Uncertainty in geotechnical engineering is inherent and due diligence requires that the geological engineer use all of the avenues/tools available to them. While estimating the stability of rock slopes, numerical tools (e.g. discrete element modeling) are not always available to practicing engineers and therefore, practical recommendations regarding appropriate slope failure mechanisms based on these theoretically correct models are required, coupled with avenues for practical solutions. This paper presents the results of limit equilibrium and discrete element modeling of a dip slope with orthogonal jointing. Results show that the Sarma method of slices utilizing plasticity theory estimates a reasonable failure surface and mechanism suitable for practical solutions where the set back distance of structures is required behind a dip slope.
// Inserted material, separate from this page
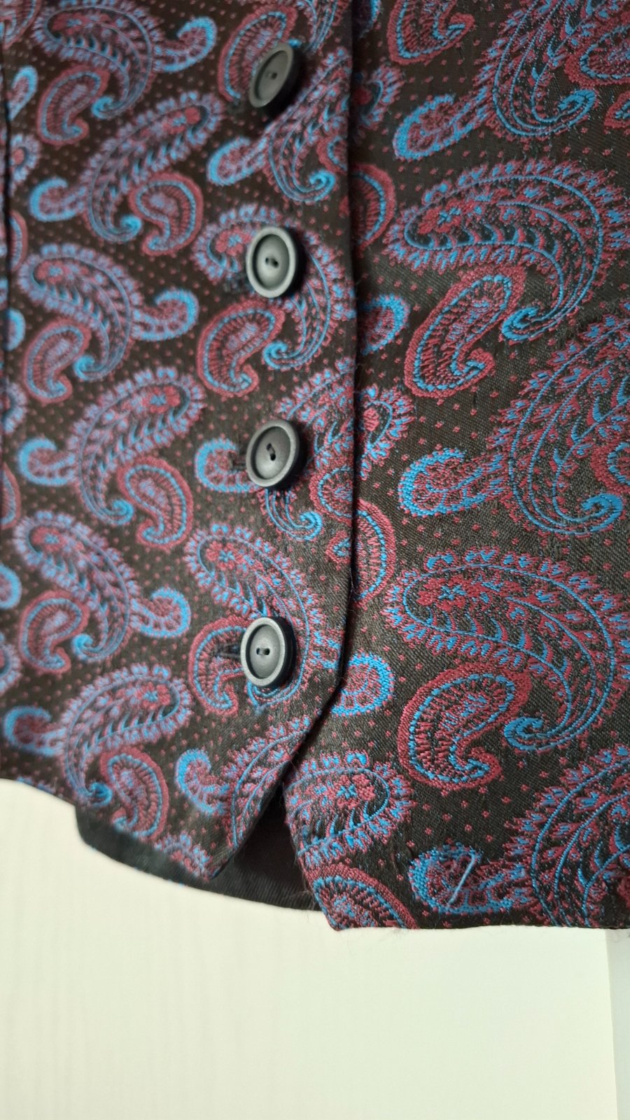 Zaujímavá vesta, originálny kúsok, čierna saténová podšívka, zvonka kašmírový vzor na lesklej kvalitnej látke.
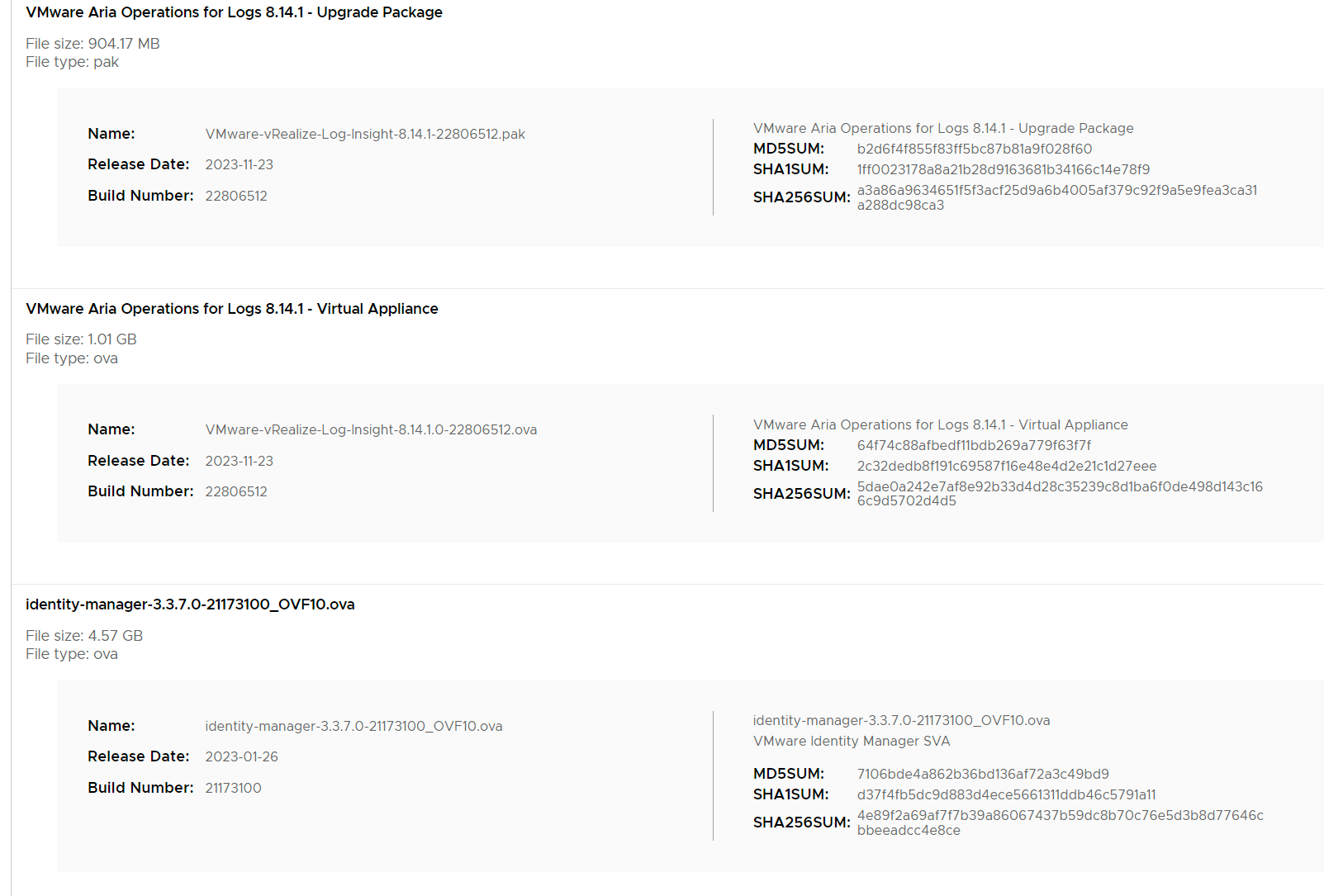 | VMware-vRealize-Log-Insight-8.14.1.0-22806512.ova | 1.0 GiB | 2023-Dec-01 23:44 |

A dip slope is a natural or engineered/cut rock slope that has an inclination coincident with a prominent discontinuity or set of discontinuities. The prominent discontinuity provides a plane of weakness upon which, sliding may occur. Because the slope inclination is the same as the discontinuity inclination, the discontinuity does not ‘daylight’ in the slope and is precluded from a typical planar/wedge kinematic evaluation (e.g. Hoek & Bray 1974). In order for failure to occur, ‘toe-breakout’ is required and therefore, the key issue to understanding dip slope failures is to understand the toe-breakout mechanisms. This paper focuses on the failure mechanisms associated with dip slope failures, where slope parallel bedding planes are cross-cut by natural orthogonal joints. The application of different techniques for estimating their stability is investigated and practical recommendations for stability evaluation of dip slopes with similar geologic characteristics are provided. The paper provides a comparison of these different techniques utilizing a sensitivity analysis of a typical dip slope geometry, focusing on limit equilibrium (LEM) and discrete element (DEM) modeling.